Stored data entries:
- Opening Delimiter -
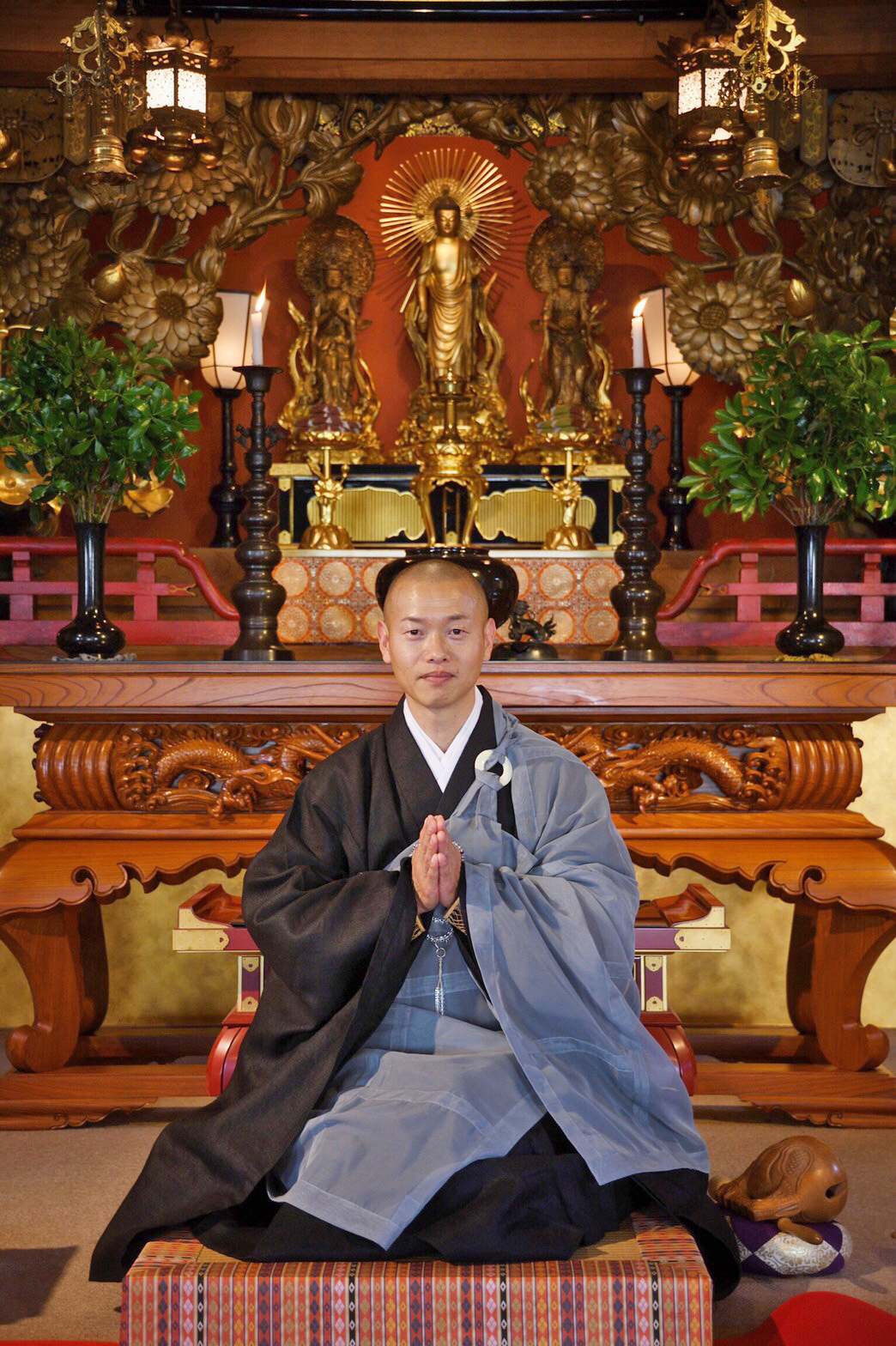 正座が苦手な方は椅子に腰掛けても結構です。木魚を叩いて一緒にお念仏しましょう。どうぞお気軽にお越しください。
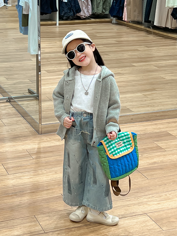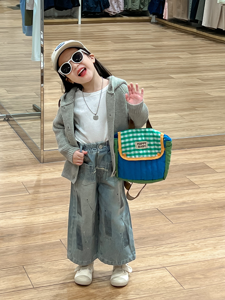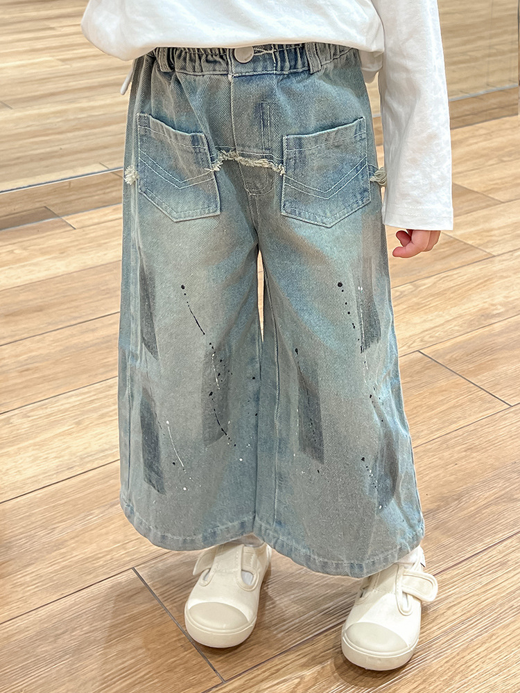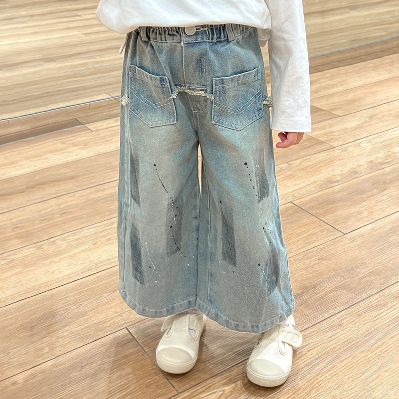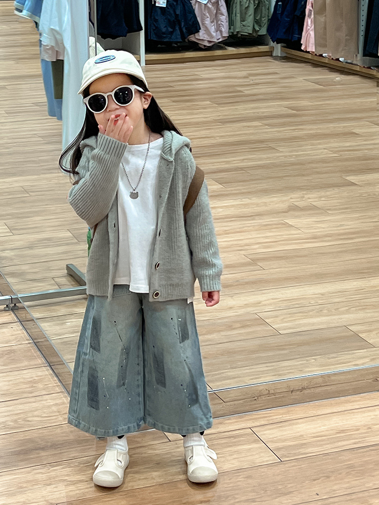한국 아동복 2024 가을 새 소녀 니트 후드 최고 외국 스타일 디자인 스플래시 잉크 청바지 세트스토어 가기
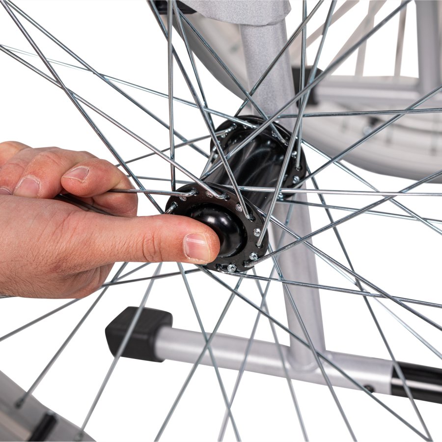 - 24″ arka ve 8″ ön PU dolgulu tekerlekler sessiz ve pürüzsüz sürüş sağlar.
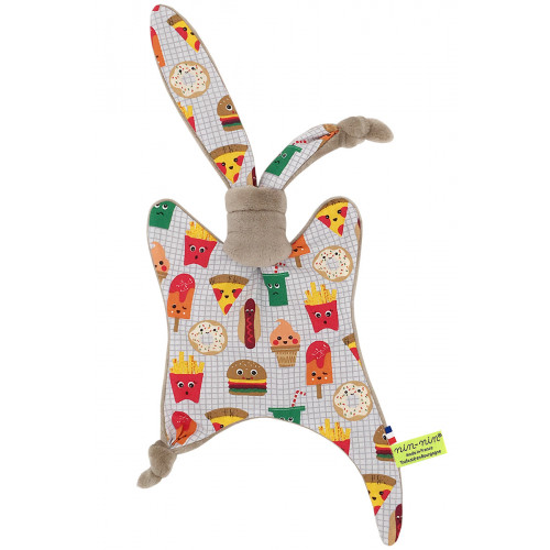 Ce doudou est composé de deux types de tissus : un côté ultra doux qui rassure et apaise et un coté coton imprimé. Ses extrémités très fines sont extrêmement faciles à prendre en main et à manipuler pour les toutes petites mains des nouveau-nés.
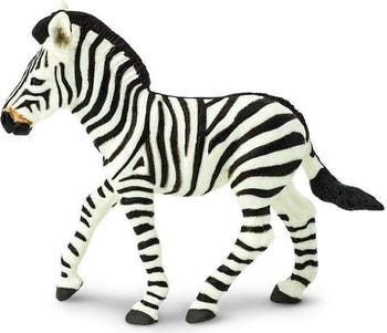 Bring the wild beauty of the savanna to your home with Safari Ltd.'s Zebra Foal toy figurine. While many mammals require significant parental care, zebra foals are notably self-sufficient from birth and are able to stand and walk on their own. Contrary to popular belief, zebras are actually black with white stripes, a fun fact that can spark children's curiosity and love for nature. Adult male zebras, unlike many mammalian species, play a crucial part in childcare. Stallions fiercely protect their infants from predators – a behavior particularly observed in plains and mountain zebras. Crafted with exceptional attention to detail, this zebra foal figurine features a unique stripe pattern, accurately reflecting the individuality found in real zebra populations. This zebra foal toy, measuring 3.5 inches long and 2.8 inches tall, is slightly larger than a deck of cards on its side, making it an ideal size for young explorers. Made from durable, non-toxic, BPA-free PVC, this figurine is part of the Wild Safari® Wildlife collection. Safe for kids aged 3 and up, it's a perfect way to inspire learning about wildlife while fueling imaginative play.
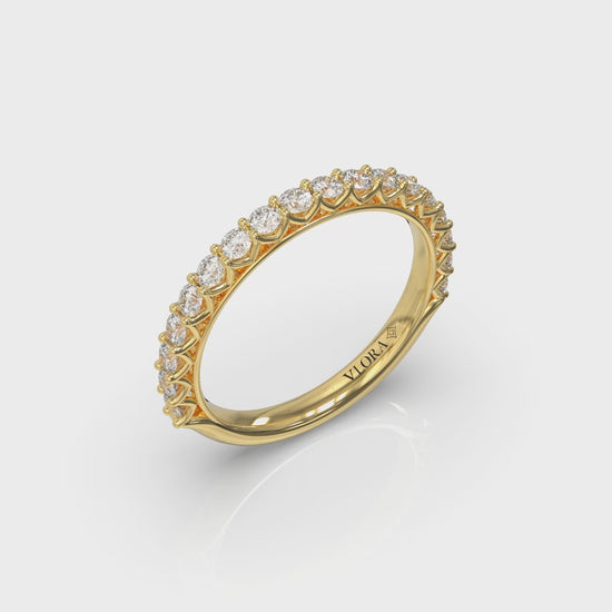 Matching Band for VSC20085. Like two lives becoming one, the settings on this modern vintage engagement ring have woven details like beautiful overlapping threads joining together. The intricately detailed scalloped details and hidden halo underneath the center stone enhance the profile view and also let in lots of light, enhancing the sparkle of the perfectly matched accent diamonds. This beautifully crafted hidden halo round engagement ring is the perfect symbol of your forever love.
- Closing Delimiter -
* [Required work]: Reproduce the data word for word, excluding its pictures.

* [Answer box]:
 正座が苦手な方は椅子に腰掛けても結構です。木魚を叩いて一緒にお念仏しましょう。どうぞお気軽にお越しください。
한국 아동복 2024 가을 새 소녀 니트 후드 최고 외국 스타일 디자인 스플래시 잉크 청바지 세트스토어 가기
 - 24″ arka ve 8″ ön PU dolgulu tekerlekler sessiz ve pürüzsüz sürüş sağlar.
 Ce doudou est composé de deux types de tissus : un côté ultra doux qui rassure et apaise et un coté coton imprimé. Ses extrémités très fines sont extrêmement faciles à prendre en main et à manipuler pour les toutes petites mains des nouveau-nés.
 Bring the wild beauty of the savanna to your home with Safari Ltd.'s Zebra Foal toy figurine. While many mammals require significant parental care, zebra foals are notably self-sufficient from birth and are able to stand and walk on their own. Contrary to popular belief, zebras are actually black with white stripes, a fun fact that can spark children's curiosity and love for nature. Adult male zebras, unlike many mammalian species, play a crucial part in childcare. Stallions fiercely protect their infants from predators – a behavior particularly observed in plains and mountain zebras. Crafted with exceptional attention to detail, this zebra foal figurine features a unique stripe pattern, accurately reflecting the individuality found in real zebra populations. This zebra foal toy, measuring 3.5 inches long and 2.8 inches tall, is slightly larger than a deck of cards on its side, making it an ideal size for young explorers. Made from durable, non-toxic, BPA-free PVC, this figurine is part of the Wild Safari® Wildlife collection. Safe for kids aged 3 and up, it's a perfect way to inspire learning about wildlife while fueling imaginative play.
 Matching Band for VSC20085. Like two lives becoming one, the settings on this modern vintage engagement ring have woven details like beautiful overlapping threads joining together. The intricately detailed scalloped details and hidden halo underneath the center stone enhance the profile view and also let in lots of light, enhancing the sparkle of the perfectly matched accent diamonds. This beautifully crafted hidden halo round engagement ring is the perfect symbol of your forever love.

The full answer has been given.